Edit: I have replaced the plywood cladding with steel and upgraded the landing gear. Scroll to the bottom to see.
I’m working on the undercarriage now that the main fuselage is almost done and is in need of support instead of umpteen saw-horses. Lots of geometry here.
My intent is to build the outer fascia in plywood box-sections to get the shape and size right, based on original concept drawings. I can then place steel square hollow sections, (SHS), inside and weld a solid frame within. The landing gear will not articulate, but rather be solid pieces that are placed under the Viper during assembly and bolted into the frame underneath.
I have a fair bit of structure experience, but as I am not an engineer, I am going for absolute overkill on this. I’d rather spend extra dollars on heavier material for support, than have any doubt about it’s ability to support the ship and a live load of one person. Law-suits are way more expensive.
Here’s a screen video of the front catapult engaging and thrusting a Viper out of the Galactica’s port side launch tube.
Working on the front skid first, I’ve welded doubled SHS inside the foot, with a rigid strut of doubled SHS at 15 degrees, as per specs of the original build. Once I’m happy that the whole leg inside is rigid and strong, I will fix the cladding to it and clean it up.

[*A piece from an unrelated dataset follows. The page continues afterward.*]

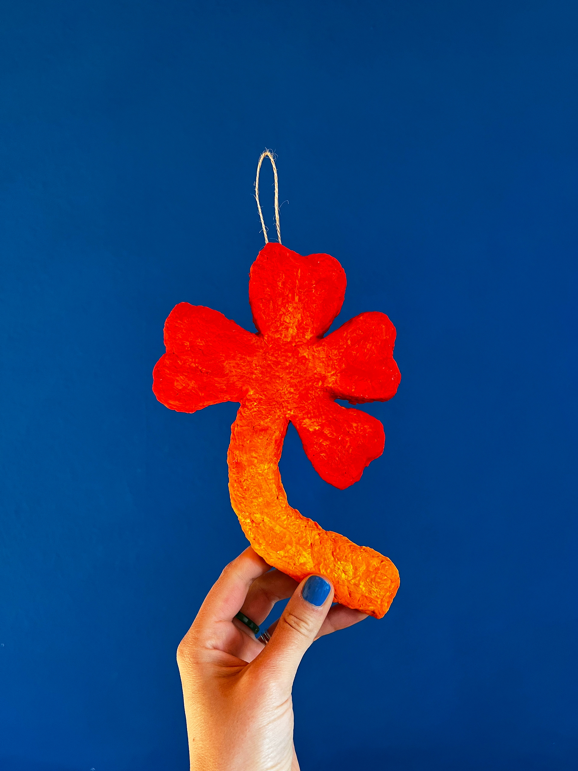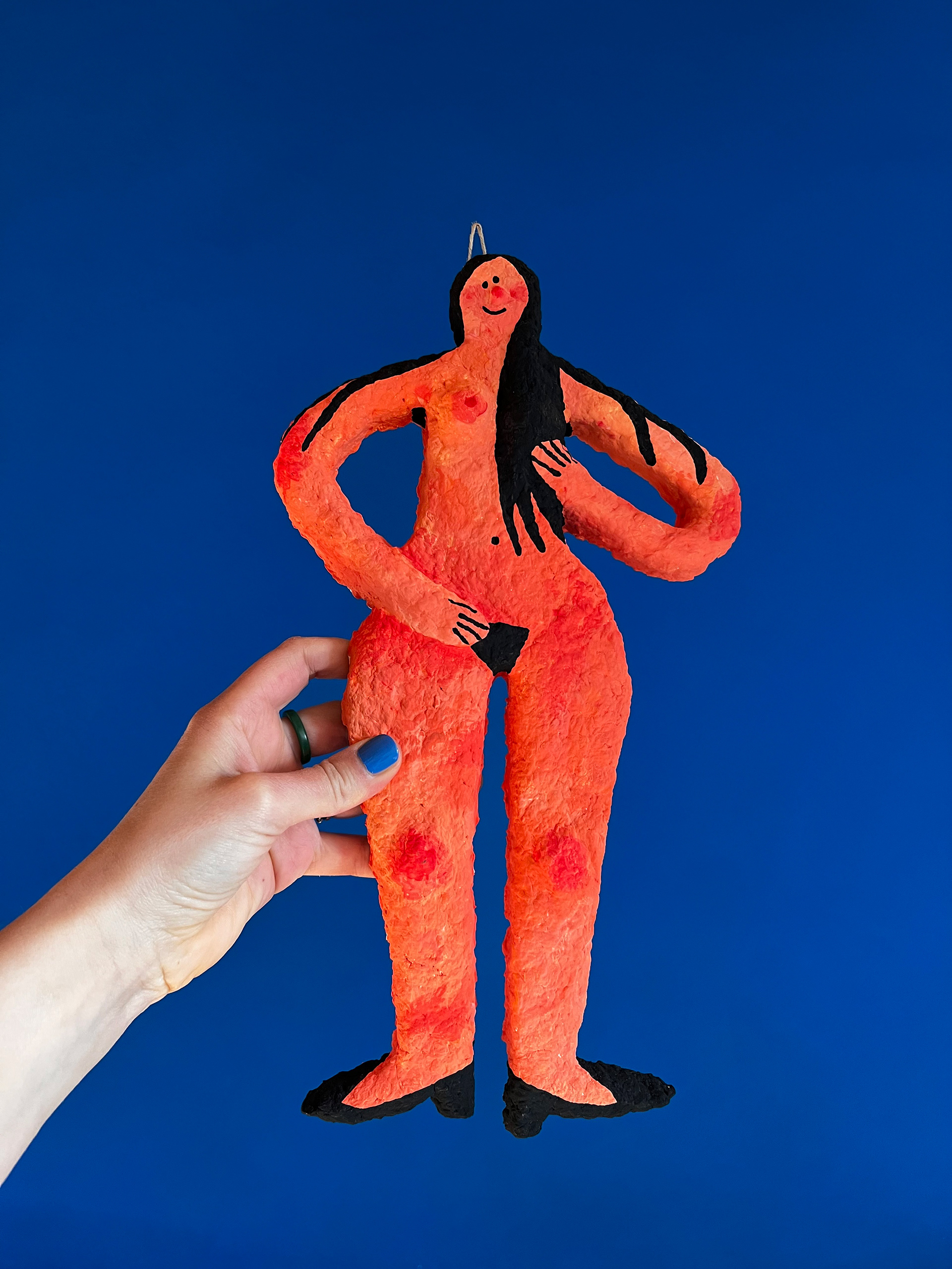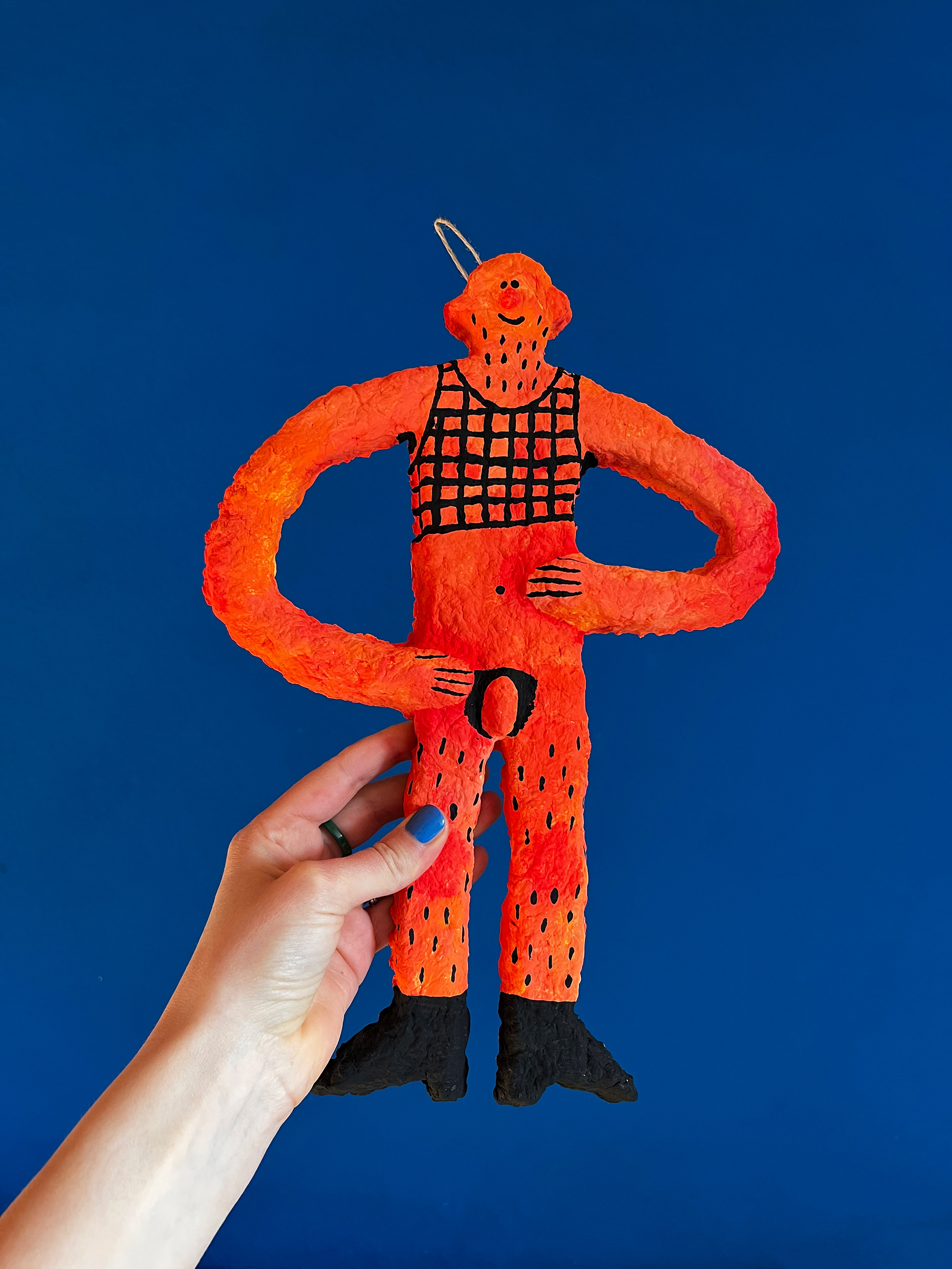 Papier-mâché sculpture of a colorful character, handcrafted in Mannheim. A unique piece of naive art for home decor featuring vibrant colors and whimsical details.

Adding the articulated leg-brace behind was a simple matter of getting creative with whatever I had in the shed. Leftover round offcuts from the ammo turning and some PVC pipe, with a bit of plywood and silver paint.
Rear landing gear x 2
The rear landing legs are interesting because there is a fifteen degree angle leaning forward and in from the ground up. I’ve sent a diagram around the engineering circles to get some indication of how strong my legs will be – how much weight they can support. My general attitude towards this sort of thing is to OVER-ENGINEER to the max, so that there is absolutely no doubt whatsoever, that the legs can support the weight of the viper and a pilot.
Being that the Viper itself is made of thin plywood and polystrene foam, covered in fibreglass, the finished aircraft will be quite light. The heaviest part of the entire ship is the cockpit and pilot. The steel frame inside each modular section is light, but strong. Each module, (besides the cockpit) is light enough that I can lift it, but the size of each module makes them cumbersome to gain leverage on, even though they are light.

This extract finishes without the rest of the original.